The pictures must be left out, while the rest of the data is copied exactly.

» Data excerpt
--- START ---

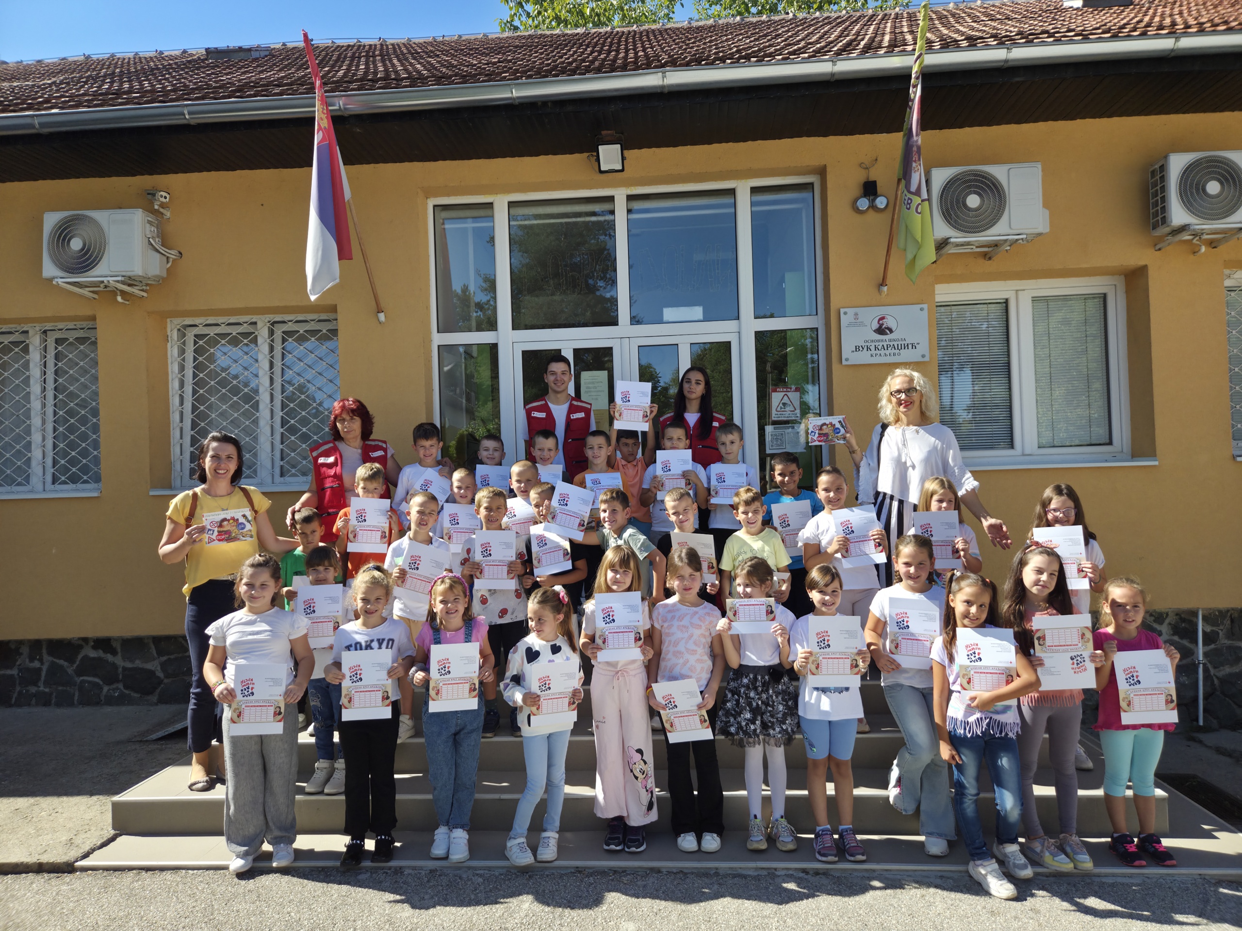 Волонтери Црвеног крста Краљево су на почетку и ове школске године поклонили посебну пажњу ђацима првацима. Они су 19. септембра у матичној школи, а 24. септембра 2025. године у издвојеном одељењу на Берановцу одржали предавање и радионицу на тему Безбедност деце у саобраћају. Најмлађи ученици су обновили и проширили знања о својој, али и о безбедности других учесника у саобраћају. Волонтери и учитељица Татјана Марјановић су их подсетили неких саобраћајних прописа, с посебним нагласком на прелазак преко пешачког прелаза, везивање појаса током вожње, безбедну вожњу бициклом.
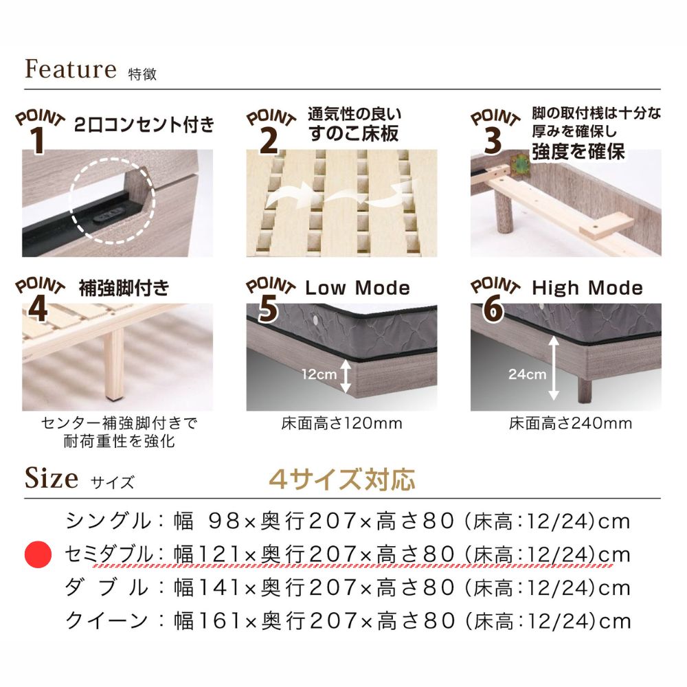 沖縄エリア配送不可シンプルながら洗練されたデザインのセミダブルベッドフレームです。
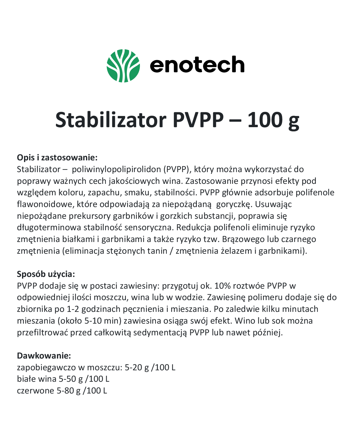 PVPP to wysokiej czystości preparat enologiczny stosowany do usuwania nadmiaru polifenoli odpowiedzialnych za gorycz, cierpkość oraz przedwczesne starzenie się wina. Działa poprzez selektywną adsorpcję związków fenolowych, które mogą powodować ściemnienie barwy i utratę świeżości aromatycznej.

--- END ---

» Reply
 Волонтери Црвеног крста Краљево су на почетку и ове школске године поклонили посебну пажњу ђацима првацима. Они су 19. септембра у матичној школи, а 24. септембра 2025. године у издвојеном одељењу на Берановцу одржали предавање и радионицу на тему Безбедност деце у саобраћају. Најмлађи ученици су обновили и проширили знања о својој, али и о безбедности других учесника у саобраћају. Волонтери и учитељица Татјана Марјановић су их подсетили неких саобраћајних прописа, с посебним нагласком на прелазак преко пешачког прелаза, везивање појаса током вожње, безбедну вожњу бициклом.
 沖縄エリア配送不可シンプルながら洗練されたデザインのセミダブルベッドフレームです。
 PVPP to wysokiej czystości preparat enologiczny stosowany do usuwania nadmiaru polifenoli odpowiedzialnych za gorycz, cierpkość oraz przedwczesne starzenie się wina. Działa poprzez selektywną adsorpcję związków fenolowych, które mogą powodować ściemnienie barwy i utratę świeżości aromatycznej.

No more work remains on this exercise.